A Twist.

Well, no one said questing is easy. (I’m assuming.)

I started the writing course that I mentioned last time, but it didn’t resonate with me the way I hoped. In an interesting twist, it really made me reconsider this whole concept I have of myself as a writer-to-be. I’ve avoided writing here the last month as I mulled over that.

It felt like this whole blog would be kind of pointless if I abandoned the “writer” pursuit, but I’m back here now because I realize the blog’s title and tagline couldn’t be more relevant to this. “To nap or to quest?” remains the question of the day, and the craving to find a story that feels true to me feels more real than ever.

Over 800 other people are also doing this writing course I signed up for, and once we were all in one place communicating, I couldn’t get over how much navel-gazing was going on.
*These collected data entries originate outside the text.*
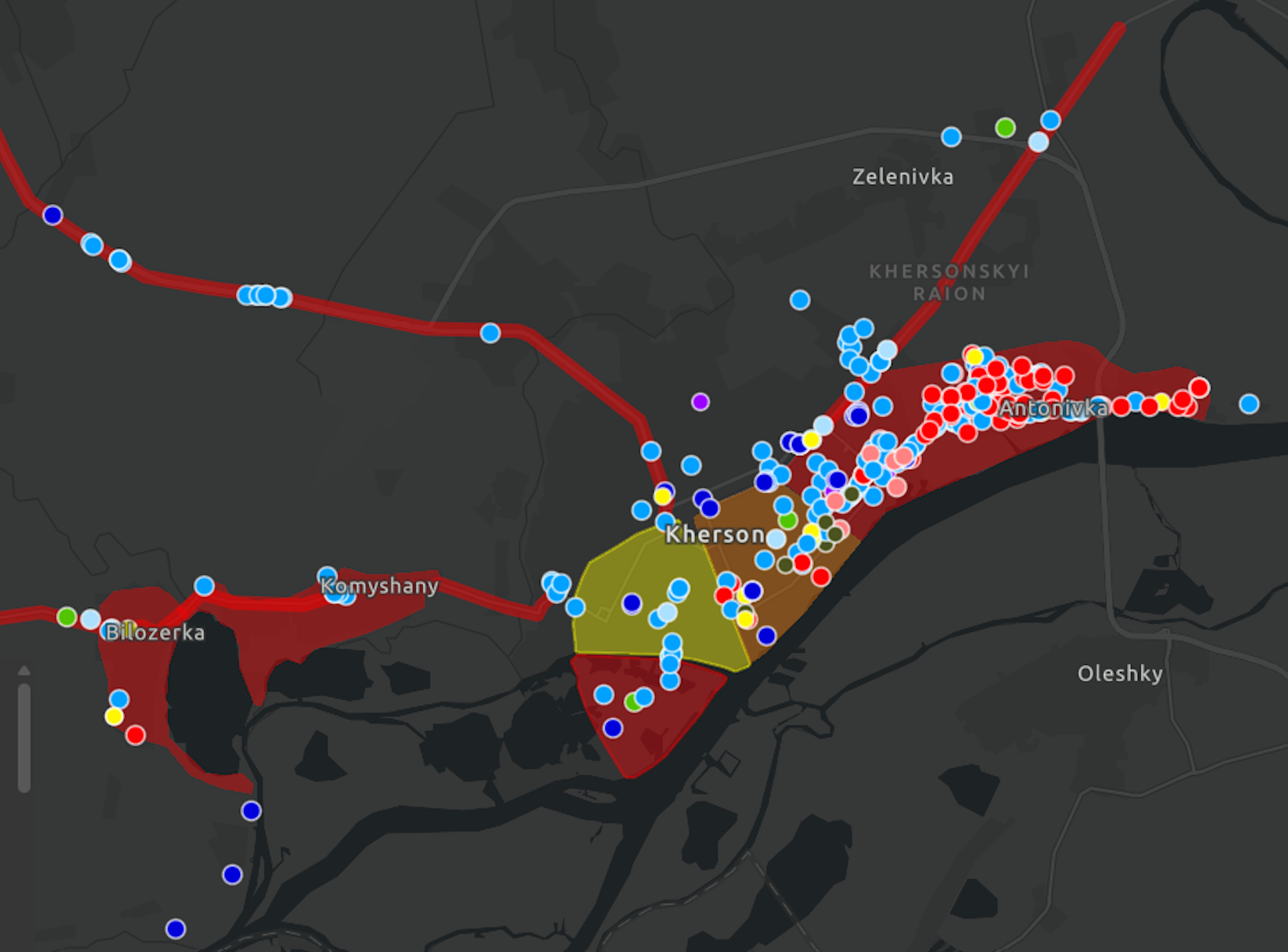 | Russian Firing Positions | Signs of where Russian military assets have fired from or are seen firing from |
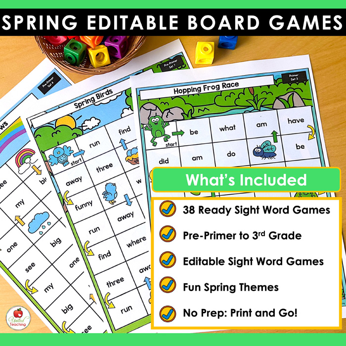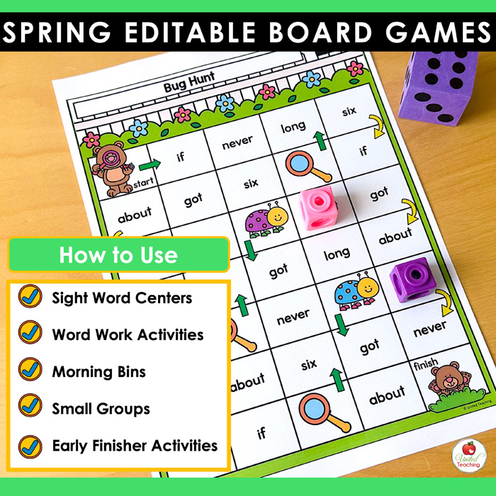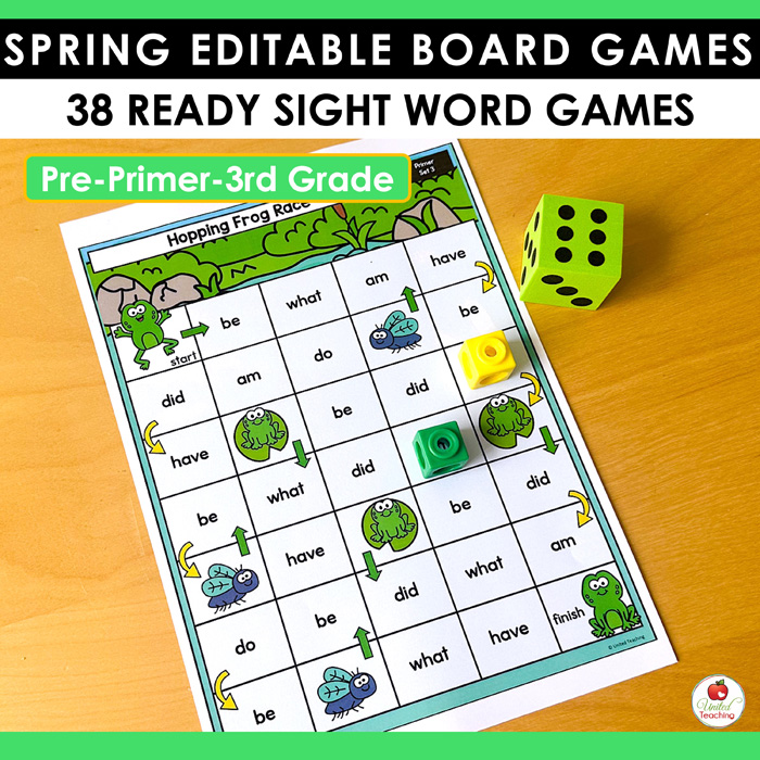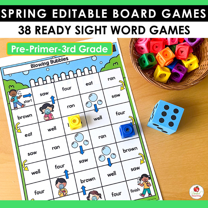 Give your sight word routine a spring refresh with these engaging, editable sight word games! Whether you’re using the ready-made boards or customizing your own, your students will love learning as they roll, read, and move their way to sight word mastery.
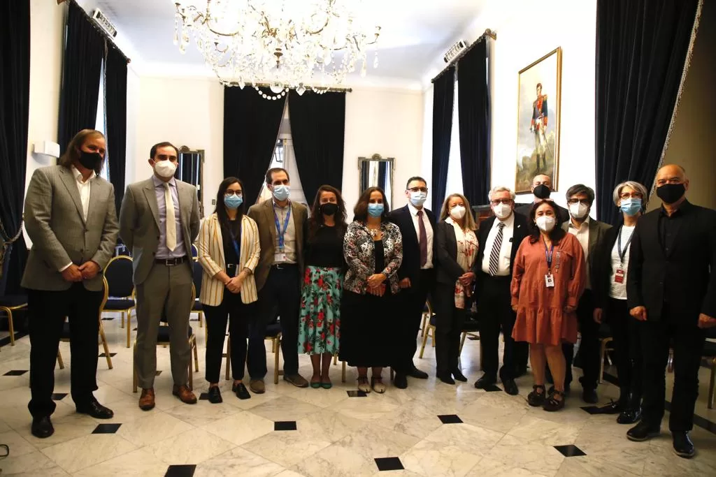 Conocer el proyecto de construcción de una nueva planta productora de vacunas. Ese fue el principal objetivo de la reunión que sostuvieron hoy en el Palacio de La Moneda los ministros de Ciencia, Tecnología, Conocimiento e Innovación, Flavio Salazar; de Salud, María Begoña Yarza; de Relaciones Exteriores, Antonia Urrejola, de Economía Nicolás Grau; y de Obras Públicas, Juan Carlos García, acompañados por José Miguel Benavente, Vicepresidente de la Corfo.
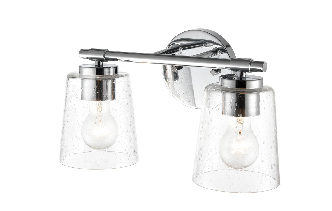 This Vanity Light features a Chrome finish and Clear Seeded glass.
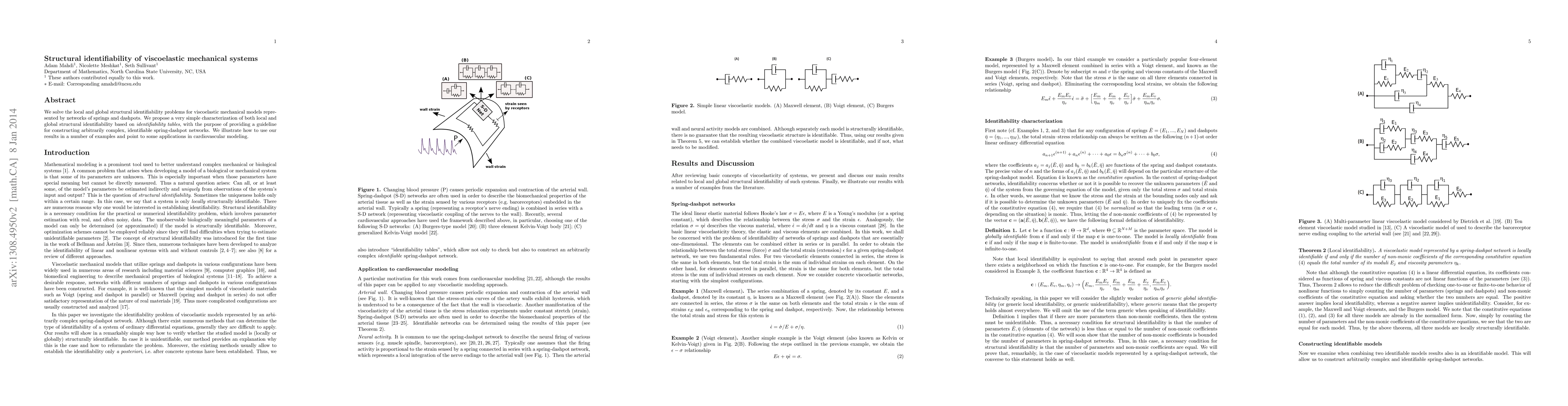 This paper addresses the structural identifiability of viscoelastic mechanical systems modeled by spring-dashpot networks, proposing a straightforward characterization using identifiability tables to guide the construction of identifiable models. It also demonstrates applications in cardiovascular modeling.

I guess it’s part of writing – you do have to do a fair amount of looking at yourself to write in a way that connects  – but there’s a point where it all becomes more crippling than anything. And I don’t know that I want to encourage that part of myself, not right now. God knows I navel gaze enough.

Once it hits you that everyone has had it rough, and everyone is living a strangely similar twist on your own sob story, you realize there’s no reason why you use your own as such a crutch, as if you’re the only one who should be excused to lean on it.

So we’re in a process of letting the “writer” dream percolate. Or – perhaps more accurately – the “why” and the “when” behind it. Maybe this is just another excuse, but at least it feels like it has more substance than many of my others.

I’m coming to realize the progress doesn’t always look like forward movement. Sometimes it’s simply finding peace with where you are.